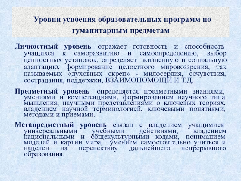 Слайд 10 Уровни усвоения образовательных программ по гуманитарным предметам
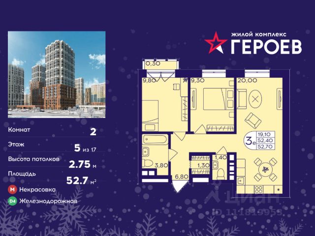 Продаётся 2-комнатная квартира 53.00 кв. м. в жилом комплексе "Героев" в Балашихе, Железнодорожный. Квартира расположена на 5 этаже 410 корпуса. В наличии квартиры с отделкой. Всего 40 минут до центра Москвы. При покупке квартиры в сданном доме ключи выдаются сразу! Жилой квартал "Героев" - это уютный проект для семей с детьми. В квартале созданы все условия для досуга всех возрастов: игровые и спортивные площадки, места для отдыха и прогулочные зоны. За 15 минут можно дойти от дома до Ольгинского лесопарка, популярного места для отдыха на свежем воздухе. На территории жилого комплекса уже открыт детский сад на 250 мест и началось строительство еще одного - для 220 малышей, а также школы для 1320 учеников. Рядом работают магазины, кафе, супермаркеты, пункты выдачи. Преимущества: • В уютных светлых квартирах с просторными кухнями-гостиными удобно встречать гостей и проводить время наедине друг с другом. • Благодаря увеличенному остеклению в комнатах много света. • Квартиры продаются с отделкой, можно заселяться сразу после получения ключей.
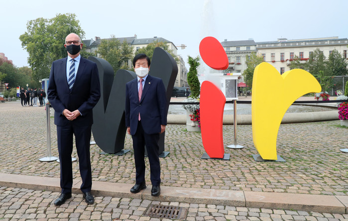 [세계타임즈 이영진 기자]박병석 국회의장이 1일 오전(현지시간) 독일 포츠담에서 열린 통일 엑스포에 참석해 디트마르 보이트케 독일 연방 상원의장과 면담을 갖고 통독 30주년을 축하하며 한반도 평화와 통일 방안에 대해 논의했다.

==============================

* WHAT YOU HAVE TO DO *
Starting at the line that holds "Продаётся 2-комнатная квартира", copy each line exactly through the end of the listing, both ends included. Leave the pictures out.

* FINAL ANSWER *
 Продаётся 2-комнатная квартира 53.00 кв. м. в жилом комплексе "Героев" в Балашихе, Железнодорожный. Квартира расположена на 5 этаже 410 корпуса. В наличии квартиры с отделкой. Всего 40 минут до центра Москвы. При покупке квартиры в сданном доме ключи выдаются сразу! Жилой квартал "Героев" - это уютный проект для семей с детьми. В квартале созданы все условия для досуга всех возрастов: игровые и спортивные площадки, места для отдыха и прогулочные зоны. За 15 минут можно дойти от дома до Ольгинского лесопарка, популярного места для отдыха на свежем воздухе. На территории жилого комплекса уже открыт детский сад на 250 мест и началось строительство еще одного - для 220 малышей, а также школы для 1320 учеников. Рядом работают магазины, кафе, супермаркеты, пункты выдачи. Преимущества: • В уютных светлых квартирах с просторными кухнями-гостиными удобно встречать гостей и проводить время наедине друг с другом. • Благодаря увеличенному остеклению в комнатах много света. • Квартиры продаются с отделкой, можно заселяться сразу после получения ключей.
 [세계타임즈 이영진 기자]박병석 국회의장이 1일 오전(현지시간) 독일 포츠담에서 열린 통일 엑스포에 참석해 디트마르 보이트케 독일 연방 상원의장과 면담을 갖고 통독 30주년을 축하하며 한반도 평화와 통일 방안에 대해 논의했다.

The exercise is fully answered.